Your objective ▸
Below is a listing; repeat exactly the lines from the one containing "4、可能会有人问为啥不推荐技" to the one containing "Web-панель администрирования IVA", both included.

Data listing ▸

#####

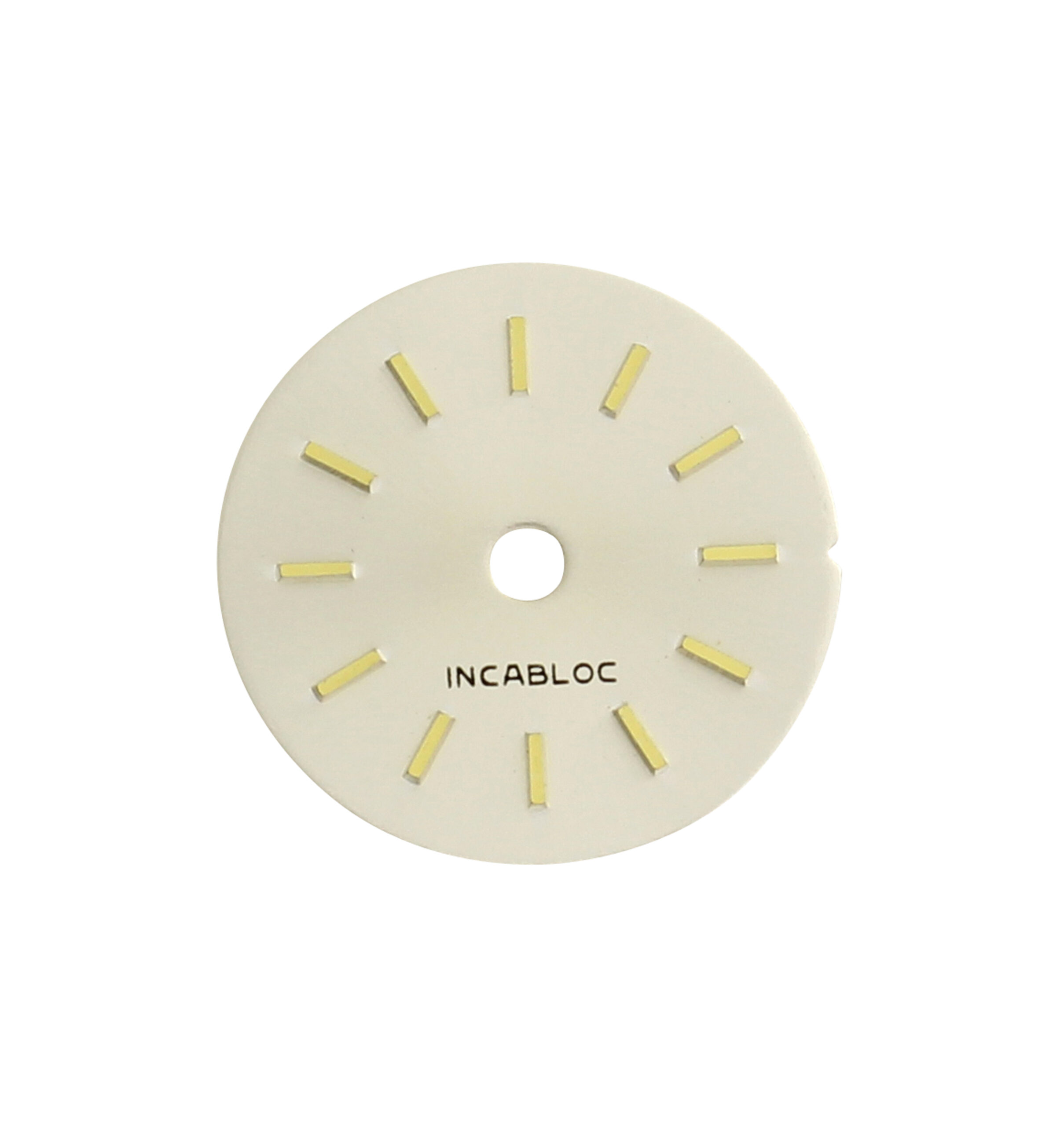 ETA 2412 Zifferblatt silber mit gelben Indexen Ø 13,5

#####

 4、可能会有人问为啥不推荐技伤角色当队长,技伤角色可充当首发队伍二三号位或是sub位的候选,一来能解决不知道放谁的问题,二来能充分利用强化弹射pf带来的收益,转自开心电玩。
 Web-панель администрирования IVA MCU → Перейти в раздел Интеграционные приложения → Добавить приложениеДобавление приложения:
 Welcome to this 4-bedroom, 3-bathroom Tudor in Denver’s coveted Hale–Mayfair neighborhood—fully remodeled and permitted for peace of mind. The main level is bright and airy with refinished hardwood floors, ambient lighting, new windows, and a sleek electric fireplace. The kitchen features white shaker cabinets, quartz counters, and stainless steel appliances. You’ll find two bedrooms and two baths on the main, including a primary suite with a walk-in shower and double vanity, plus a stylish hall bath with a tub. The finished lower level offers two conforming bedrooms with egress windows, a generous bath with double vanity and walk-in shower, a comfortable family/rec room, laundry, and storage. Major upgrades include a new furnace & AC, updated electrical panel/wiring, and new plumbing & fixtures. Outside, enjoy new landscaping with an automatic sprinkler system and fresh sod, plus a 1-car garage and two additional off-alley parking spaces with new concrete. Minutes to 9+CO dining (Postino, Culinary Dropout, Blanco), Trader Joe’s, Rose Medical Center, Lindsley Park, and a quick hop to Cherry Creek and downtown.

#####

Response to this task ▸
 4、可能会有人问为啥不推荐技伤角色当队长,技伤角色可充当首发队伍二三号位或是sub位的候选,一来能解决不知道放谁的问题,二来能充分利用强化弹射pf带来的收益,转自开心电玩。
 Web-панель администрирования IVA MCU → Перейти в раздел Интеграционные приложения → Добавить приложениеДобавление приложения:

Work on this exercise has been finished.